“Don’t ask questions you don’t want the answer to” is generally good advice I’ve found, right up there with “If you play with fire, you’re going to get burned”. Recent events in my life would back up both those adages. I’ve always felt, well I’ve always been, a bit “different”. Socially awkward, quite rigid in behaviour, hyper-focused on topics with a need for heavy, fast music turned up to eleven. All this was fine, I coped, but at some stage in the long-running war with the local health board to try to secure an Autism Assessment for our child, (war is no exaggeration by the way), I hit on the idea of getting assessed myself by the Integrated Autism Service. Good idea? Not necessarily.
A 2016 Evaluation Report presents troubling questions about the ethics of adult diagnoses. Some reported “relief” upon diagnosis, as years of struggle were suddenly explained. Others felt a sense of “abandonment” due to a lack of follow-up counselling or support. The Report quotes some professionals’ concerns querying how helpful adult diagnosis actually is. Others questioned whether it was ethical to invest in a process that produces a diagnosis when there is no service to meet that need. If medical professionals are querying the purpose and ethics of a procedure, we really should listen.
I was confident I could handle anything that came from the assessment but, when I received the diagnosis of ASD I plunged into the bottomless pit of despair. I felt no relief, just an overwhelming sadness and self-loathing as past events in my life played on endless repeat over the widescreen of my mind. As I sank further, I came to believe that there were actually three versions of me.
Firstly, The Man I Thought I Was, an organised and measured chap, never one to follow the crowd but capable of fighting my corner. Leaving school with no qualifications, I had dragged myself out of dead-end jobs and heavy drinking to make a success of my life. Proud of my achievements from a pretty low starting point, I saw myself as a good role model for others who may not have had the best start in life. It may be one of the Seven Deadly Sins, but I’m sure I was guilty of being proud of myself.
However, the roof caved in after my diagnosis, and I saw what I believed was “The Real Me”. Personality traits I accepted, even compensated for, were laid bare and the implications ran riot. The restrictions of obsessive routine and fear of change had dictated too many life-choices, and when you add the pervasive anxiety and omnipresent social anxiety, that’s an intoxicating mix, capable of sinking anyone, and how I sank. Things I had said and done over many years weaponised themselves and came charging down in their battalions. They laid waste to dignity, self-confidence and humour, taking away any sense of pride.
"I’ve always felt, well I’ve always been, a bit “different”. Socially awkward, quite rigid in behaviour, hyper-focused on topics with a need for heavy, fast music turned up to eleven."
That unleashed the beast within, a devious fiend lurking in the shadows of all I was, The Man I Could Have Been. Despite being only an idealised construct in my imagination, this fellow started to hound me, taunting me with his trophy-cabinet of Neuro-typicality; the successful education and subsequent career, popularity among a wide circle of friends and the ability to mix with ease in social situations. I saw a man who could regulate his emotions, who wasn’t hung up with the demands of routine and was mercifully free from the shackles of anxiety. He was an ideal partner in a relationship, the sort of parent children love; always present, engaged and easy-going; popular with their friends and other parents. What a guy!

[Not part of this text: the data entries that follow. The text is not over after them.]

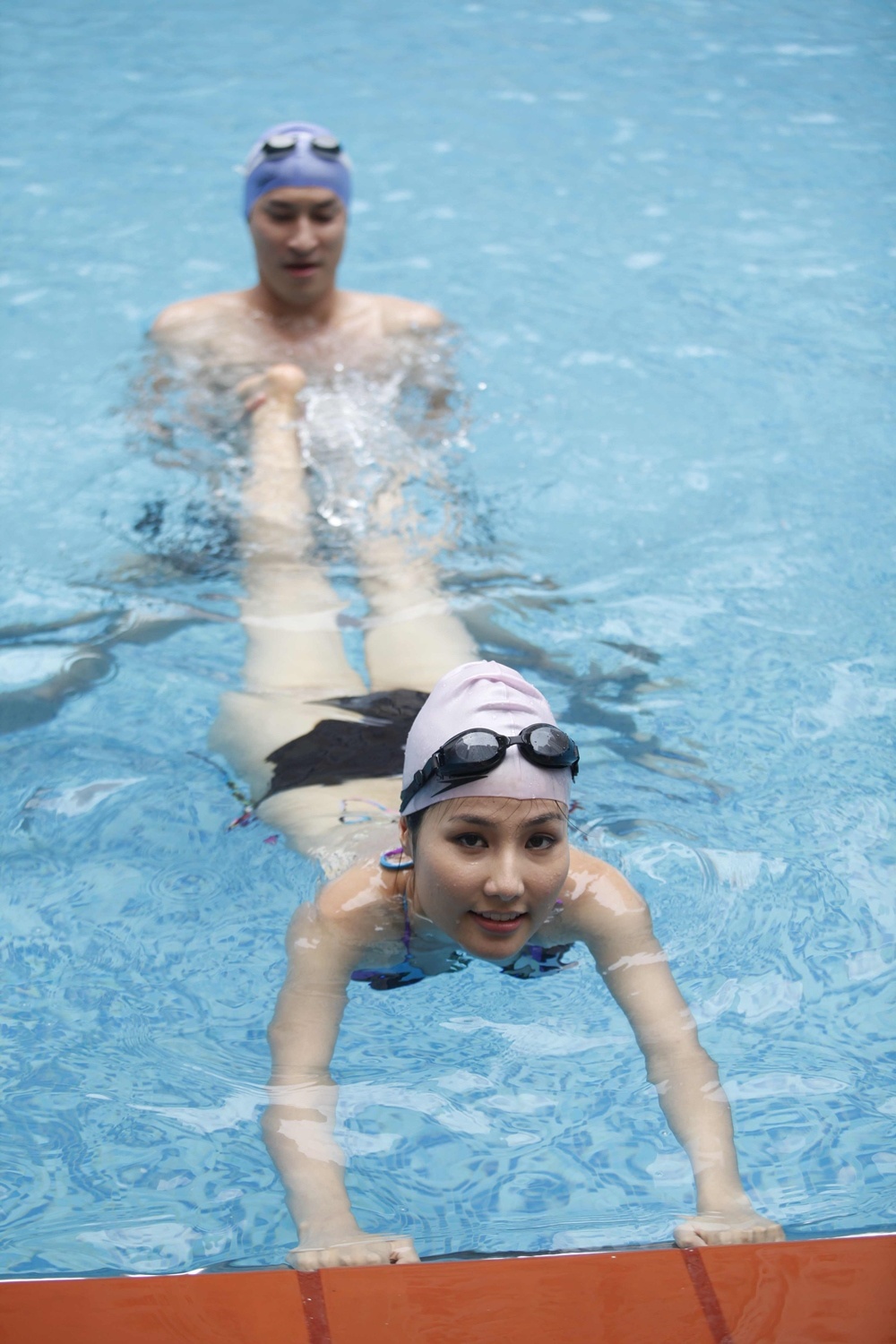 Cảnh quay này được thực hiện tại một hồ bơi sang trọng, và cả hai diễn viên vô cùng hào hứng và tự tin với khả năng bơi lội của mình. Hình ảnh Diễm My la oai oái khi bị Huy Khánh "cưỡng hôn".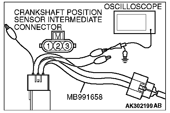 3. Disconnect the crankshaft position sensor intermediate connector, and connect the test harness special tool (MB991658) between the separated connector.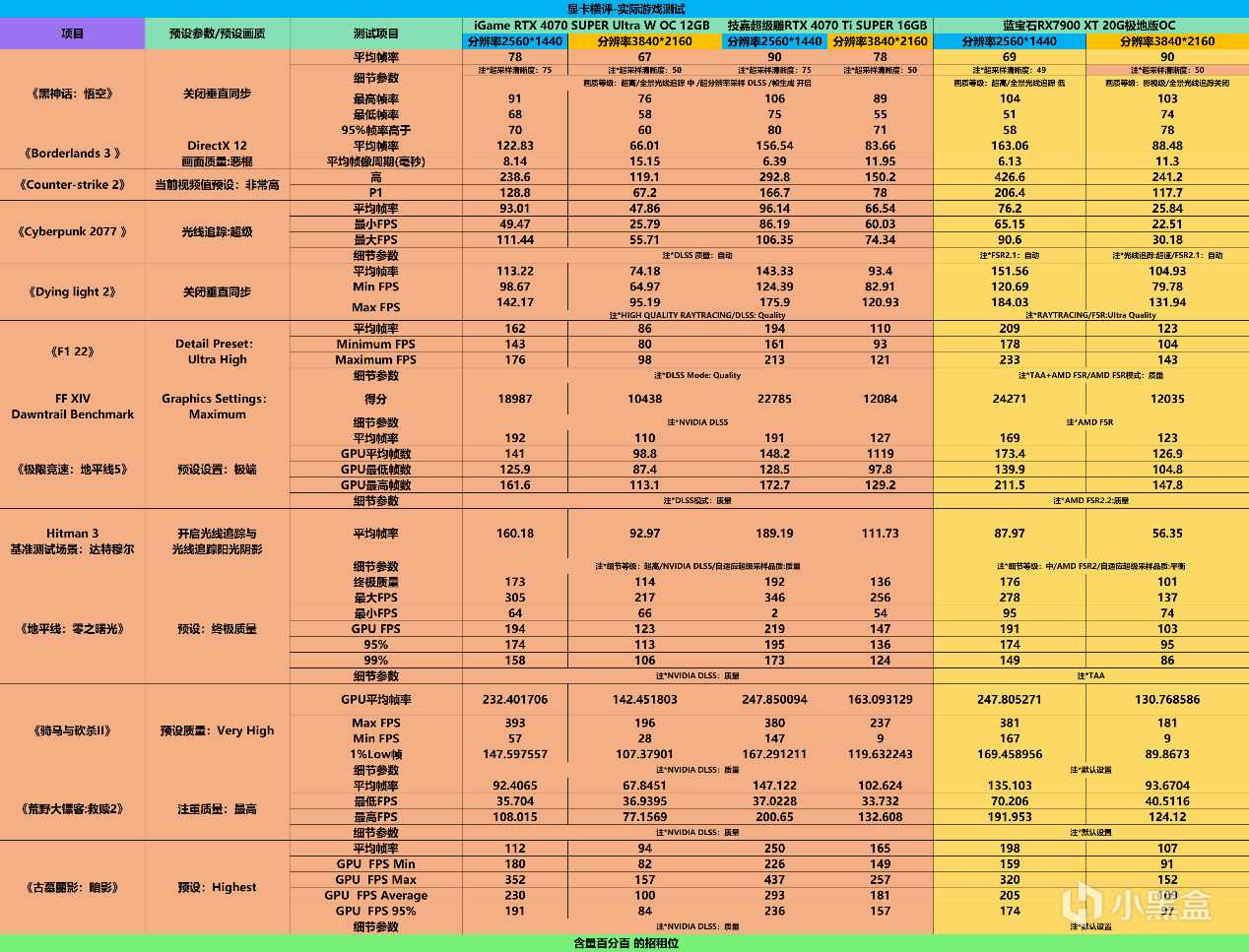 二是单机游戏方面,蓝宝石RX7900 XT 20G极地版OC显卡与其他两款显卡打的有来有回,并非是全面碾压12GB 显存的iGame RTX 4070 SUPER Ultra W OC和16GB显存的技嘉超级雕RTX 4070 Ti SUPER,而且很多游戏里面的参数设置我都选择的是DLSS:质量模式,而不是平衡或是性能模式。

If only I had known as a younger man what my rules of engagement are, understand my triggers and develop coping strategies. Could I have been that man and would that have made me happier? Who knows, but he had long since evaded my grasp and now I was deep in mourning for him and full of contempt for The Man I Really Was.
So, were the clinicians right in their ethical concerns about adult diagnoses with no follow-up support? You bet they were. The whole strategic approach to Autism needs root and branch reform, from the absurdity of hideously long waiting lists for child assessments, right through to diagnoses in older people. Governments can throw as much money as they like at virtue-signalling programmes-it doesn’t change the fact that they still lack clear aims, accountability and measurement of progress.

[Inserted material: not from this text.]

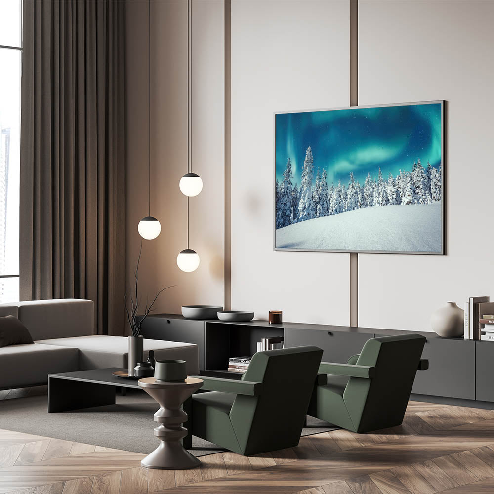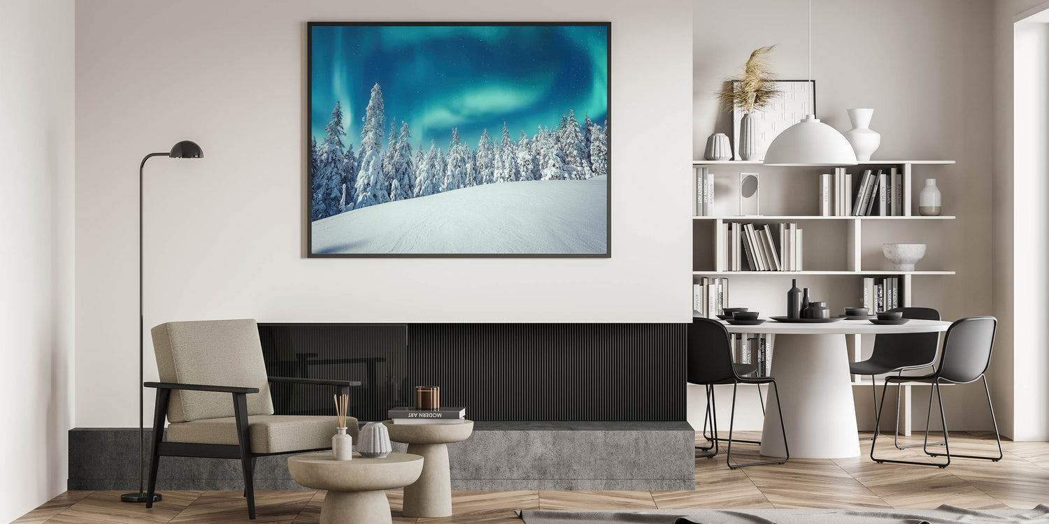 Scenic Finland Art – Winter Forest & Northern Lights Landscape Print

The scale of undiagnosed or unsupported autistic children and adults is not simply an equality issue that authorities can pay lip-service to, it’s actually a time bomb lurking in the shifting sands of society. Excuses for lack of funding simply don’t wash. Who knows how many millions we waste every year on a prison population that contains large numbers of Neurodiverse inmates, alongside many more who are likely undiagnosed. What is the financial and emotional cost to a society of substance addiction, broken-families, homelessness and unemployment? How many children will leave school with no qualifications, or simply become non-attenders while they remain on waiting lists for years?

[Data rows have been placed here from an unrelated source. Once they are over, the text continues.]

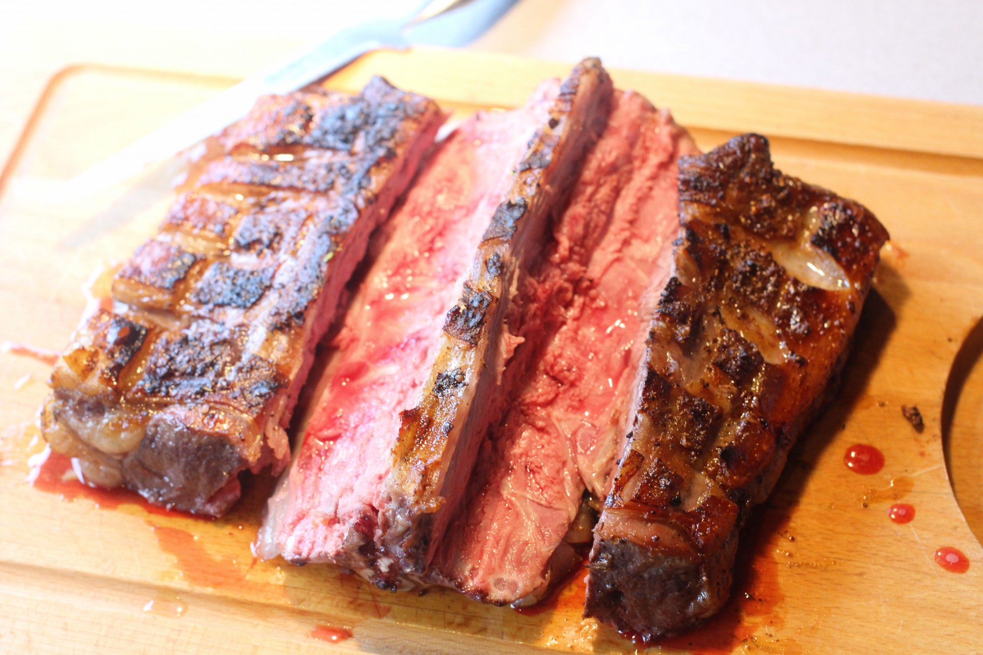 en smal kniv følge beinene – ikke glem indrefiletene på undersiden! Skjær i 1-2 cm skiver og legg tilbake i beinet for servering – lekkert! Og kjeet skuffer ikke – saftig lyst kjøtt med fin smak.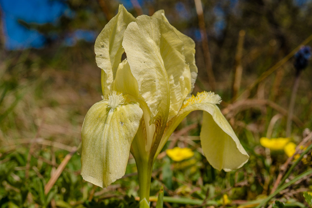 The first dwarf iris (Iris pumila) dare to come out, ...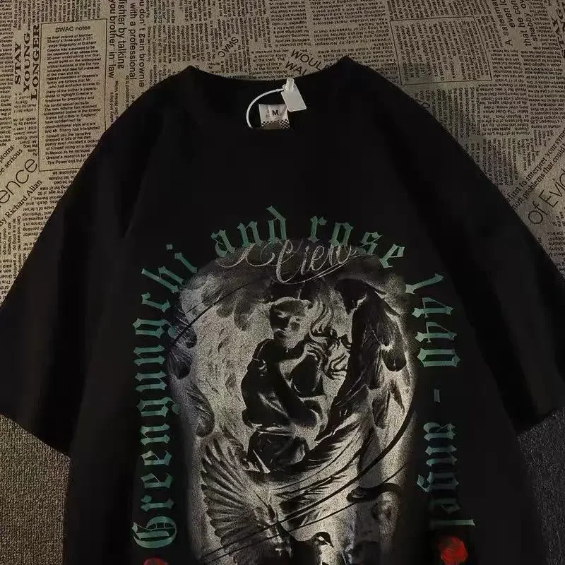 Summer Gothic Retro Print Graphic T shirt Top Fashion Y2K Men and Women Street Hip Hop Harajuku Loose Oversized T shirt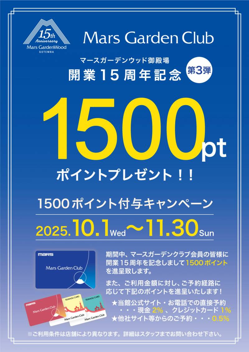 新規会員様・既存会員様皆様にマースガーデンポイント1500ptプレゼントいたします。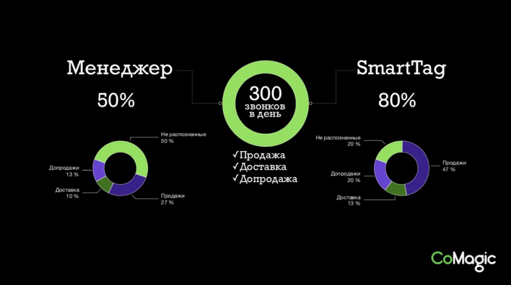 Система SmartTag была протестирована на некоторых клиентах CoMagic и показала впечатляющие результаты: во-первых, распознала на 30% больше обращений, во-вторых, оказалась в среднем в 2 раза дешевле, чем совместная работа менеджера и контроллера, который тегировал входящие звонки вручную.

As for my three lives, the stronger I get, the less I see of The Man I Could Have Been. He can have his Neuro-typical ideal existence. The people and things that I love are all part of the express train that is my life, whichever station it is heading to. Autism is just another suitcase to throw in the baggage car while I continue heading West. I now understand that, to quote lines from a Jason Isbell song, “There ain’t much difference in the man I wanna be and the man I already am”.